By influencing things around him, Smith got stronger. So we’d talk, like now, the conversations very one-sided, and it sort of fed him in a way, giving him energy, making him more substantial. He would then take that ‘energy’ and start charging his own batteries, ergo the notes. Smith loved leaving me creepy notes. The act of using a pencil took fine motor skill, it must have been draining, because his letters were always large and childish, though scrawled and unsettling would be more accurate, since he was a ghost and all. I found them everywhere, post-its stuck all around the house, warning me the milk was low and other nonsense.
Simply touching things wasn’t enough, that would only drain him and give nothing back. He had to make a mark, make his presence known. So I found my radio blaring more often than not. It was good I didn’t own a TV or computer because he would have turned them on too, and often. I could put up with the haunted bit, but it got annoying when Lucas started noticing. A week or so ago he’d asked why I stayed up all night, moving around the house, turning on and off every light switch.

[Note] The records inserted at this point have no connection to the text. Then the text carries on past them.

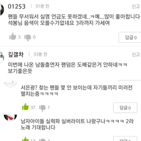 세번째 댓글 뭔말이냐면 어떤사람이 보지도않고 평점낮은거보고 남돌음원안내줘서 테러한거라고 일반화한댓을 달아서 머글분이 쉴드쳐준거 실제로도 멜디들 거기에대해서 거의언급안함 내공이쌓였다 우리도 ㅋㅋ
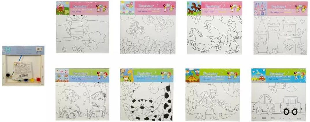 Obrazek do pomalowania dla dzieci. Zestaw zawiera obrazek, pędzelek, 6 kolorów różnych farb. Cena dotyczy jednej sztuki. Zabawka występuje w kilku wzorach. Wzór wybierany losowo.
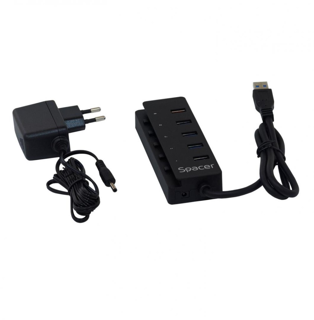 SPACER external HUB, USB ports: USB 3.0 x 4, Quick Charge USB port x 1, connection via USB 3.0, 220V mains supply, black
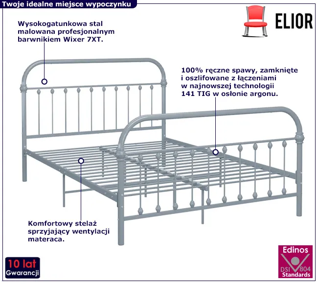 • Kolor: szary. W naszej ofercie posiadamy także inne łóżka metalowe. Kliknij i stwórz swój wyjątkowy zestaw mebli.
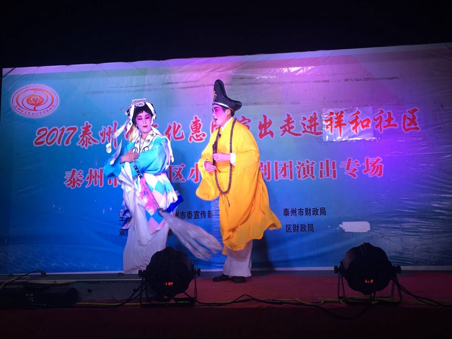 泰州市海陵区小鹰扬剧团于2017年7月31日晚上走进医药高新区寺巷街道祥和社区社区进行文化惠民演出。经典的扬剧折子戏博得了观众的阵阵掌声。演出结束后观众再三要求再加演几段,由此可见扬剧在泰州到处都有扬剧迷。演出很成功!感谢社区领导提供全方位的服务!
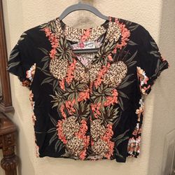 Vintage Hilo Hattie Black Orange Pineapple Tropical Floral Print Blouse-Small$35Huntington Beach, CA
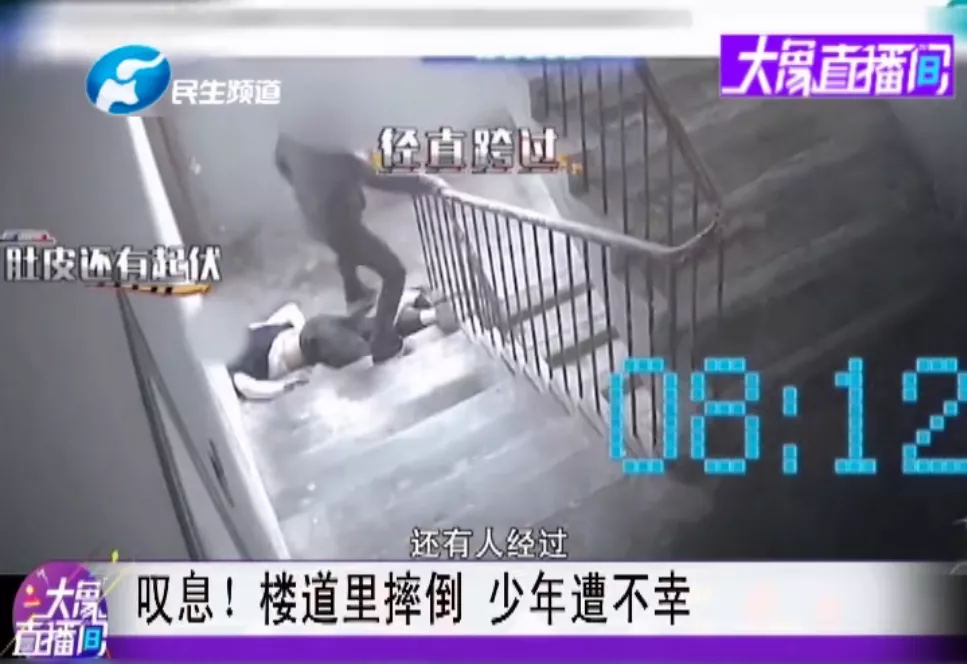 一位16歲的少年不慎摔倒在自家樓梯下,事後警察從監控看到,剛摔倒的時候,少年的肚皮在動,仍有生命體徵。
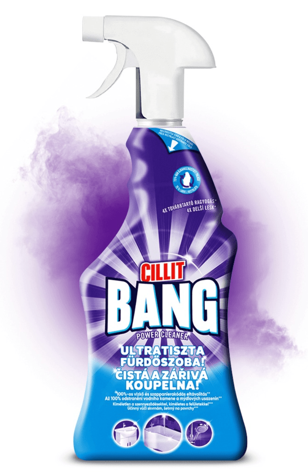 Med Cillit Bang holdes dit badeværelse rent og skinnende i længere tid! Det effektive rengøringsmiddel til badeværelset fjerner pletter nemt og ubesværet. Den supereffektive formel er specifikt udviklet til hurtig fjernelse af kalk, sæberester og snavs, og anti-belægningsteknologien bidrager til, at pletterne ikke kommer igen. Formlen er effektiv mod snavs, men skånsom mod overfladerne.
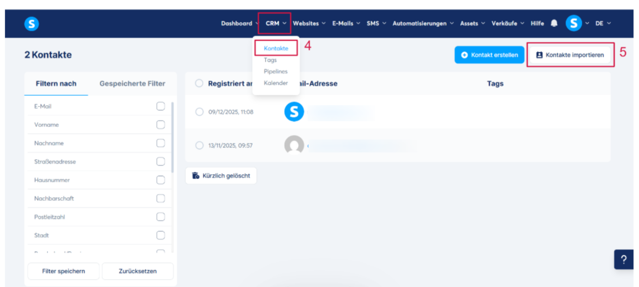 Gehen Sie im „CRM“-Tab zu „Kontakte“ (4) und klicken Sie dann auf die Schaltfläche „Kontakte importieren“ (5).
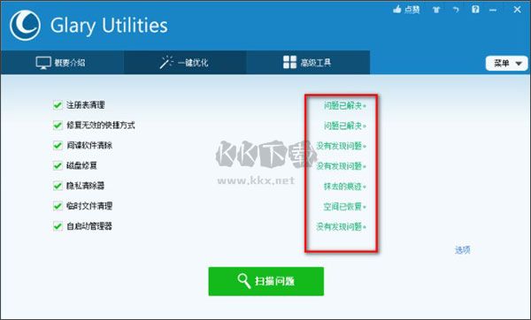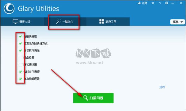 3、在軟件界面中點(diǎn)擊切換到一鍵優(yōu)化界面當(dāng)中,勾選想要掃描優(yōu)化的一些模塊之后點(diǎn)擊掃描問題按鈕。
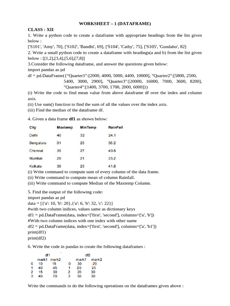 1. Write a python code to create a dataframe with appropriate headings from the list given
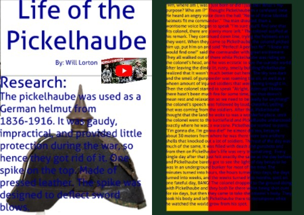 “ Hm , where am I , was I just born or did I just die ? What ’ s my purpose ? Who am I ?” Thought Pickelhaube in a confused tone . He heard an angry voice down the hall “ None of these blasted helmets fit me commander .” The man shouted , then a worrisome voice began to speak “ I ’ m sure you ’ ll find one that fits colonel , there are plenty more left .” The colonel scoffed at his remark . They continued down line , trying the helmets on as they went . When they came to Pickelhaube , the colonel picked him up , put him on and said “ Perfect ! A perfect fit !” “ I knew we would find one !” said the commander with great excitement . They all walked out of there while Pickelhaube was riding on the colonel ’ s head , and he was ecstatic to see the outside world . After leaving the dimly lit , rusty , smelly building Pickelhaube realized that it wasn ’ t much better out here . The sky was dark and the smell of gunpowder was roaming the air , as well as a wheen amount of injured soldiers that were being brought in . Then the colonel started to speak “ Alright , listen up ! I know there hasn ’ t been much fire for some time , but that doesn ’ t mean rest and relaxation so we need to be ready for anything !” the colonel ’ s speech was followed by loud , cheerful , yelling that was coming from the soldiers . After that , Pickelhaube thought that the land he woke to was a wonderful place , until the colonel went to the battlefield and Pickelhaube understood exactly where he was : a warzone . Pickelhaube started to panic , “ I ’ m gonna die , I ’ m gonna die !” he almost did too , because about 30 meters from where he was there were two artillery shells that knocked out a lot of soldiers . The rest of the day was much of the same , it was filled with death and gunshots and from then on Pickelhaube ’ s life was very traumatizing . Every single day after that just felt exactly the same as the day before , and Pickelhaube barely got to see the light of day because he was in an underground bunker for most of the time . The minutes turned into hours , the hours turned into days , the days turned into weeks , and the weeks turned into months , until on one fateful day , BANG ! The colonel dropped to the ground along with Pickelhaube and they both lie there while being shot over for six days , but then they came to take the colonel ’ s body . They took his body and left Pickelhaube there to decompose while he watched the world grow from his spot .

I had mumbled something about bugs and changed the subject... ghosts were so inconvenient.
Unable to write out his frustration, Smith dissolved into a murky mist, swirling to the corner where he sulked, hovering behind the potted plant.
“Ungrateful ghoul,” I muttered in his direction. “Stephen told me about the sawmill. You should be happy, now I have a lead.”

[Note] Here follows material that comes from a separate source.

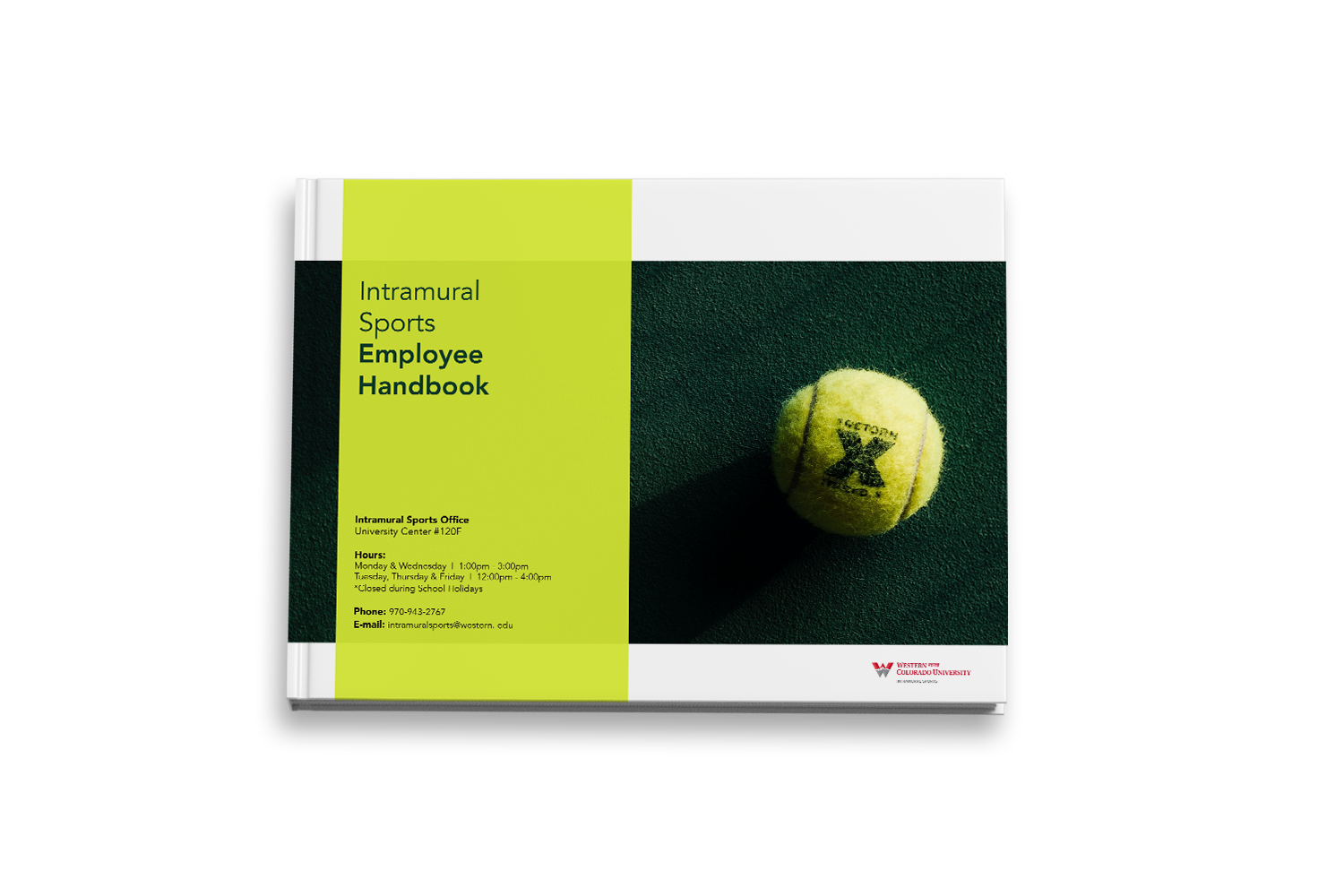 The Intramural Sports Employee Handbook for Western State Colorado University began as a complex and poorly designed Word document. The handbook included page borders, misaligned forms and formatting, heavy centering, and inappropriate highlighting, capitalization and underlining.

But he wasn’t happy. The news only agitated him further, and for the life of me I didn’t know why. He wanted me to help him, but he could never explain how. I turned in the swivel chair, using the office computer to browse the internet as I searched for local logging and sawmill companies. I would get to the bottom of things, with or without the help of my enigmatic ghost.
Chapter 2
It was almost nine and Missy, as usual, showed up early to relieve me. Since I was pretty sure she considered he
rself a ‘creature of the night’ it was convenient that she worked the late shift. Though I’m sure it was something of a let down, sitting behind the front desk for hours, bored into the wee hours of the morning.
She smiled at me, though as usual, she was faking. Despite appearances, and by that I mean the purple hair, she was a friendly, outgoing person, except she secretly hated me. Behind the smile was a well of irritation. I rubbed her the wrong way, which was fine. I could care less.

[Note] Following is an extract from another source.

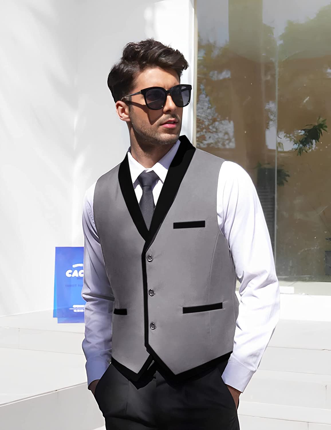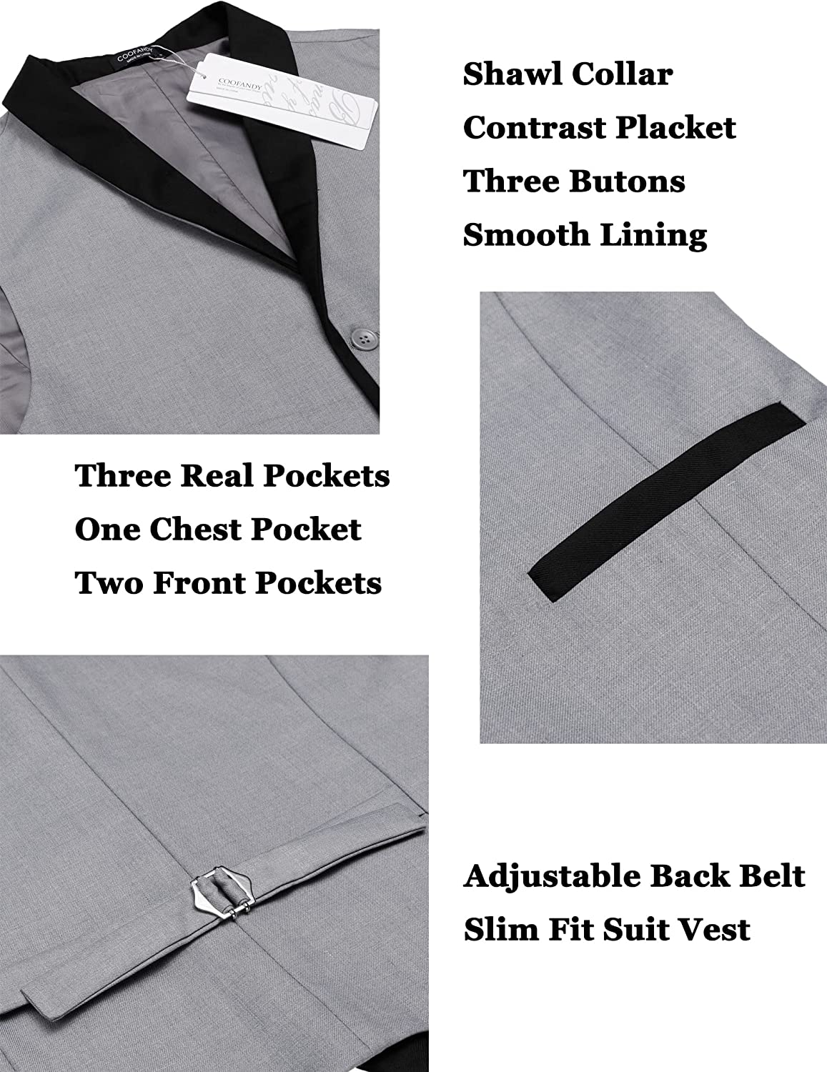 - The Men's suit vest design with shawl collar, Two real side pockets and one real chest pocket;Adjustable back belt,3 Buttons V-neck men's dress vest,New Stylish slim fit style black grey,blue vest for men

I’d left the web browser open, and seeing it Missy tsked. “You really shouldn’t be playing on the internet at work. Ben wouldn’t like it,” she chastened.
I opened the desk drawer, extracting my purse. “Keep that in mind the next time you’re looking at coffinmate.com. You forgot to delete your history last night.” I walked out, wanting to put distance between myself and her swamping negativity.
It was always the same. You’d think she would either loosen up or scratch my eyes out, but every day it was the fake smile and perpetual remarks, little digs she tried to pass off as ‘advice,’ though only an idiot would be fooled by her sickly sweet voice.
Even as I got into my car I couldn’t shake her negativity, it clung along. Missy would soon forget, busy surfing through the goth personal ads, but it would linger with me, the empathy confirming what I’d learned years ago—that people in general were a huge disappointment.
* * *
Divot Drive seemed to greet me as I turned onto the out-of-the-way back road. Massive oaks hemmed in close, their Spanish moss hanging down like a soft curtain. Lush shrubbery encroached from every side, overgrown, it housed the crickets and cicadas, their combined shrills filling the night. Turning into the driveway, my headlights illuminated the tiny house where I lived, a cube of whitewashed wood with red brick chimney and tin roof.